Durante a Revolução Russa (conhecida como Revolução Soviética ou Revolução de Outubro) em 1917, Lenin e seus camaradas, bem como seus diversos militantes e seguidores, estavam em um impasse: deveria a arte ser política? Sim, e por conseguinte, a arte soviética seria rigorosamente política. Hoje em dia vivemos outro impasse, diferente mas que gera reflexões, deve ainda a arte, especificamente o cinema, ser político? Isto é, se posicionar, mostrar diferentes lados, debater, concluir, voltar ao início, e mais além, defender com unhas e dentes uma posição? Porque é claro que Una Mujer Fantastica (2017) se posiciona a favor da comunidade LGBT (isto é, a comunidade de Lésbicas, Gays, Bissexuais, Travestis, Transexuais e Transgêneros). Mas de que forma faz isso? Ora, não é preciso ser um grande cinéfilo para se entender que "não é todo filme que tem um cara assim tão diferente como protagonista", como ouvi em algum lugar. Só que esse cara diferente se encontra em cidades muito comuns, embora não percebemos, quando passamos apressados por eles e elas através de grandes capitais. Note-se que Santiago do Chile nem é muito apresentada como a capital sul americana deste interessante país, poderia ser no México ou no Brasil, é uma história que abraça fronteiras.

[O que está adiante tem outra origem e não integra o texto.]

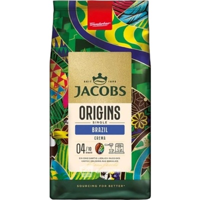 Jacobs Origins Brazil Crema zrnková káva nabízí vyváženou chuť s tóny karamelu, oříšků a obilnin.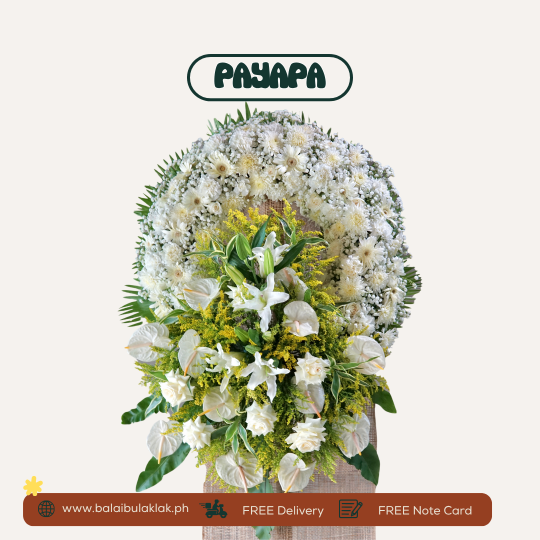 Isang Funeral Wreath na ginamitan ng puting anthurium, lilies, roses, mums, at baby’s breath. Ang Payapa ay disenyo para maghatid ng tahimik na pagpapaalam—isang pahiwatig ng respeto at pagmamahal sa yumaong mahal sa buhay.

Logo, quer queira quer não, Una Mujer Fantastica transborda politicagem: preconceito, sexo, repressão, opressão e por aí vai. Entretanto, seria possível hoje, fazer um filme sobre alguém qualquer como Marina Vidal sendo totalmente apolítico? (aliás seria possível qualquer coisa sem isso?) Se vivêssemos em um mundo cor de rosa (céus, a comunidade gay iria adorar um arco íris gigante no céu todo dia) e o preconceito não transbordasse nossos poros, se travestis não fossem espancados nas ruas sem sabermos simplesmente porque sim e tantas outras formas opressivas contra essas pessoas e suas escolhas sexuais, bem, aí poderíamos ver um filme sobre Marina passear com seu cachorro, tentar um novo emprego, ser uma tartaruga ninja, sei lá. Mas absolutamente não há, não existe a mínima possibilidade, de se fazer hoje um filme sobre um travesti sem ser p-o-l-í-t-i-c-o, é como não sei, fazer um filme sobre judeus em 1942 abordando suas férias natalinas no Canadá! Haja paciência por parte daquele que assiste e haja sacanagem por parte de um diretor como este ao elaborar uma obra assim. O cinema está enraizado no seu contexto histórico-social, lamentemos - ou não.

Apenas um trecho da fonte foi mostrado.